I am also investigating techniques to incorporate functional data to reweight association/causality statistics. Namely, I am hoping to use the cFDR method method to reweight GWAS P values using a binary indicator of active/inactive chromatin. I would then like to extend the cFDR method to PPs (rather than P values) and implement the reweighting PP method in the prostate cancer paper.

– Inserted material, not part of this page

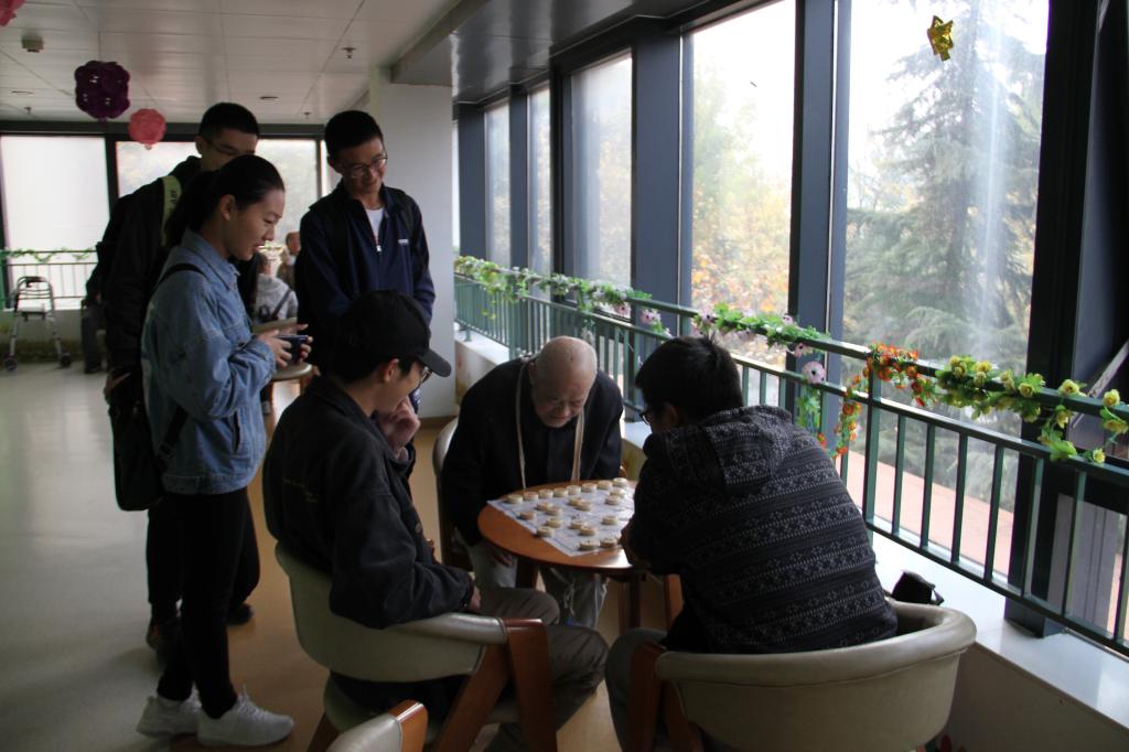 随后,同学们按照分工开展相应的志愿活动,为每个房间的老人送出新鲜水果和亲手制作的纸花球、小天鹅,并与老人聊天、了解他们的生活,与老人一起唱红歌……一个个暖心的活动,既传达了同学们的志愿热情,又传递了同学们对老人的关心与祝福。随后,大家现场表演了精心排练的节目,吉他、新疆舞、合唱等节目都获得了阵阵掌声。在场的老人观看同学们的表演,与同学们聊天,度过了一段美好的时光。
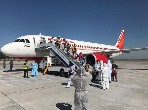 Билдирмеге караганда, Air India авиакомпаниясынын Дели-Бишкек чартердик каттамы менен келген мекендештерди "Манас" эл аралык аэропортунан тосуп алышкан.

Note that my functional data only measures the activity of genomic regions (e.g. if it is transcribed region) and it does not model the potential for biochemical specificity that could allow certain regions to regulate only specific regions. It may be fruitful to incorporate contact information, such as that from CHi-C. Indeed, the CRISPRi-FlowFISH paper suggests that the percentage contribution of an enhancer on a gene is proportional the mean of the ATAC-seq and H3K27ac ChIP-Seq peaks at the enhancer and the KR-normalised Hi-C contact frequency between the enchancer and the gene. Due to resolution problems, Peaky could be used to further this analysis.

Idea: Extend current functional data (measuring activity at that SNP) using peaky data (but then would I need to specify genes…).